**ASSIGNMENT**
From the first line to the last, retype the records exactly and skip the pictures.

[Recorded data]
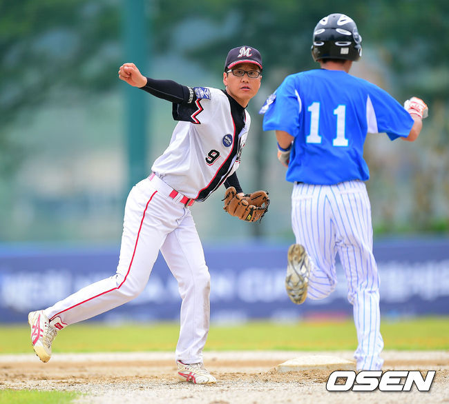 21일 경기도 양평 솔뜰야구장에서 '제5회 니베아맨 컵 전국 생활체육인 야구대회 파라파와 서대전고 동문팀의 경기,4회말 무사 1루 파라파 최민관의 병살타때 서대전고 동문팀 성춘모 2루수가 1루 주자 구원회를 포스아웃 시키고 1루로 송구하고 있다.
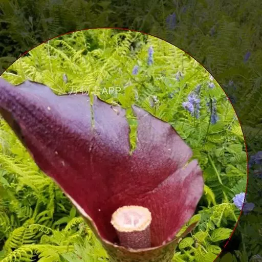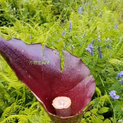 花序柄长50-70厘米,粗1.5-2厘米,色泽同叶柄。佛焰苞漏斗形,长20-30厘米,基部席卷,管部长6-8厘米,宽3-4厘米,苍绿色,杂以暗绿色斑块,边缘紫红色;檐部长15-20厘米,宽约15厘米,心状圆形,锐尖,边缘折波状,外面变绿色,内面深紫色。肉穗花序比佛焰苞长1倍,雌花序圆柱形,长约6厘米,粗3厘米,紫色;雄花序紧接(有时杂以少数两性花),长8厘米,粗2-2.3厘米;附属器伸长的圆锥形,长20-25厘米,中空,明显具小薄片或具棱状长圆形的不育花遗垫,深紫色。花丝长1毫米,宽2毫米,花药长2毫米。子房长约2毫米,苍绿色或紫红色,2室,胚珠极短,无柄,花柱与子房近等长,柱头边缘3裂。浆果球形或扁球形,成熟时黄绿色。花期4-6月,果8-9月成熟。
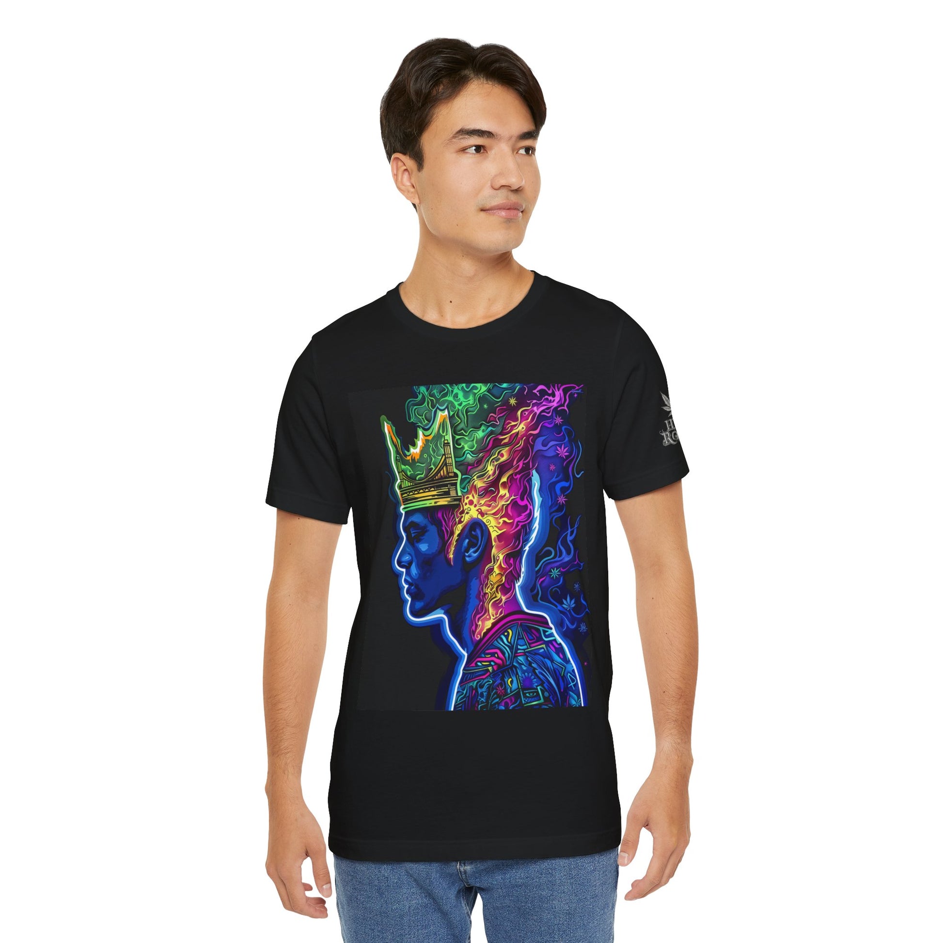 This spectacular neon-lit design celebrates cannabis culture through futuristic royal imagery, featuring a regal profile rendered in luminous electric blue outline against premium black fabric. The figure wears an ornate golden crown that appears to burn with emerald green cannabis smoke, symbolizing elevated royalty and natural wisdom. The most striking element is the explosive rainbow smoke hair that flows upward in mesmerizing waves—transitioning from vibrant greens to electric yellows, hot pinks, deep purples, and brilliant blues. Delicate cannabis leaf silhouettes float throughout the colorful smoke tendrils, integrating seamlessly into the psychedelic hair composition. The figure's attire features intricate neon-outlined details in hot pink and electric blue, suggesting futuristic formal wear or military-inspired luxury fashion. The entire composition glows with blacklight-reactive aesthetics perfect for nightlife, festivals, and rave culture. The contrast between the dark background and brilliant neon colors creates eye-catching visual impact that commands attention in any setting. This design positions cannabis culture within cyberpunk aesthetics, futuristic royalty, and electronic music culture—celebrating elevation, consciousness expansion, and the transformative beauty of cannabis consciousness. The subtle "HIGH ROLLER" sleeve logo marks this as premium lifestyle apparel for those who see cannabis culture as worthy of regal status and artistic celebration through cutting-edge visual expression.
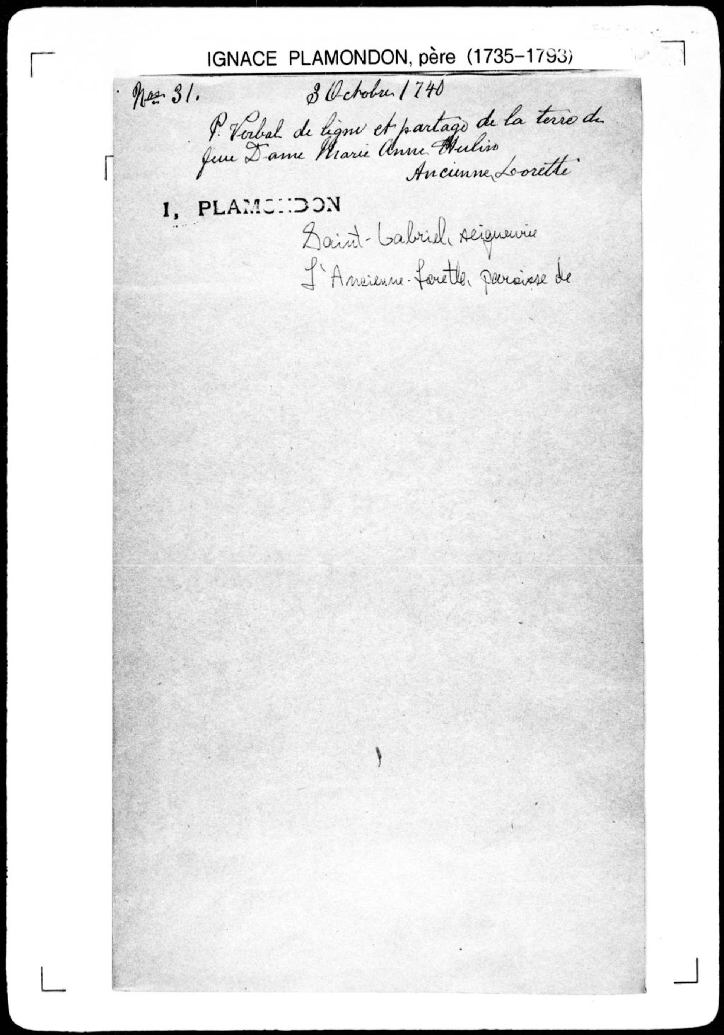 - Procès-verbal d'acceptation par Louis Guieptiers (Leguestier, Guestier, Gueptier), héritier de feue Marie-Anne Ulain (Hulin), de la moitié d'une maison comme part d'héritage dans la succession de ladite Hulin, moyennant le remboursement d'une certaine somme aux cohéritiers, laquelle maison étant située dans la [paroisse de L'Ancienne-Lorette], [seigneurie de Saint-Gabriel].
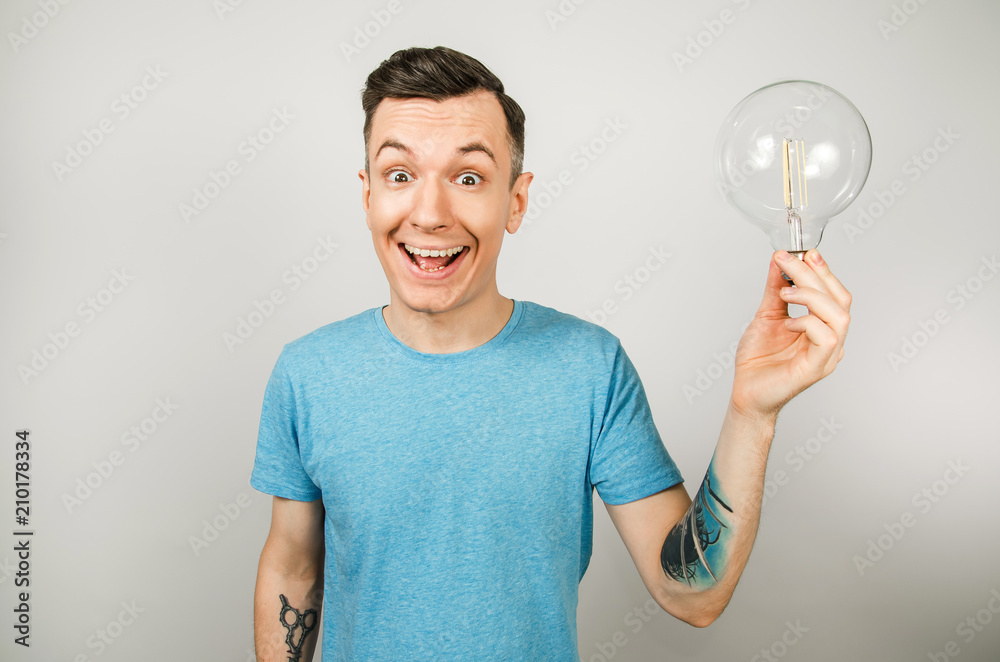 Young smiling guy dressed in a blue t-shirt holding lamp on a light background.

**ANSWER**
 21일 경기도 양평 솔뜰야구장에서 '제5회 니베아맨 컵 전국 생활체육인 야구대회 파라파와 서대전고 동문팀의 경기,4회말 무사 1루 파라파 최민관의 병살타때 서대전고 동문팀 성춘모 2루수가 1루 주자 구원회를 포스아웃 시키고 1루로 송구하고 있다.
 花序柄长50-70厘米,粗1.5-2厘米,色泽同叶柄。佛焰苞漏斗形,长20-30厘米,基部席卷,管部长6-8厘米,宽3-4厘米,苍绿色,杂以暗绿色斑块,边缘紫红色;檐部长15-20厘米,宽约15厘米,心状圆形,锐尖,边缘折波状,外面变绿色,内面深紫色。肉穗花序比佛焰苞长1倍,雌花序圆柱形,长约6厘米,粗3厘米,紫色;雄花序紧接(有时杂以少数两性花),长8厘米,粗2-2.3厘米;附属器伸长的圆锥形,长20-25厘米,中空,明显具小薄片或具棱状长圆形的不育花遗垫,深紫色。花丝长1毫米,宽2毫米,花药长2毫米。子房长约2毫米,苍绿色或紫红色,2室,胚珠极短,无柄,花柱与子房近等长,柱头边缘3裂。浆果球形或扁球形,成熟时黄绿色。花期4-6月,果8-9月成熟。
 This spectacular neon-lit design celebrates cannabis culture through futuristic royal imagery, featuring a regal profile rendered in luminous electric blue outline against premium black fabric. The figure wears an ornate golden crown that appears to burn with emerald green cannabis smoke, symbolizing elevated royalty and natural wisdom. The most striking element is the explosive rainbow smoke hair that flows upward in mesmerizing waves—transitioning from vibrant greens to electric yellows, hot pinks, deep purples, and brilliant blues. Delicate cannabis leaf silhouettes float throughout the colorful smoke tendrils, integrating seamlessly into the psychedelic hair composition. The figure's attire features intricate neon-outlined details in hot pink and electric blue, suggesting futuristic formal wear or military-inspired luxury fashion. The entire composition glows with blacklight-reactive aesthetics perfect for nightlife, festivals, and rave culture. The contrast between the dark background and brilliant neon colors creates eye-catching visual impact that commands attention in any setting. This design positions cannabis culture within cyberpunk aesthetics, futuristic royalty, and electronic music culture—celebrating elevation, consciousness expansion, and the transformative beauty of cannabis consciousness. The subtle "HIGH ROLLER" sleeve logo marks this as premium lifestyle apparel for those who see cannabis culture as worthy of regal status and artistic celebration through cutting-edge visual expression.
 - Procès-verbal d'acceptation par Louis Guieptiers (Leguestier, Guestier, Gueptier), héritier de feue Marie-Anne Ulain (Hulin), de la moitié d'une maison comme part d'héritage dans la succession de ladite Hulin, moyennant le remboursement d'une certaine somme aux cohéritiers, laquelle maison étant située dans la [paroisse de L'Ancienne-Lorette], [seigneurie de Saint-Gabriel].
 Young smiling guy dressed in a blue t-shirt holding lamp on a light background.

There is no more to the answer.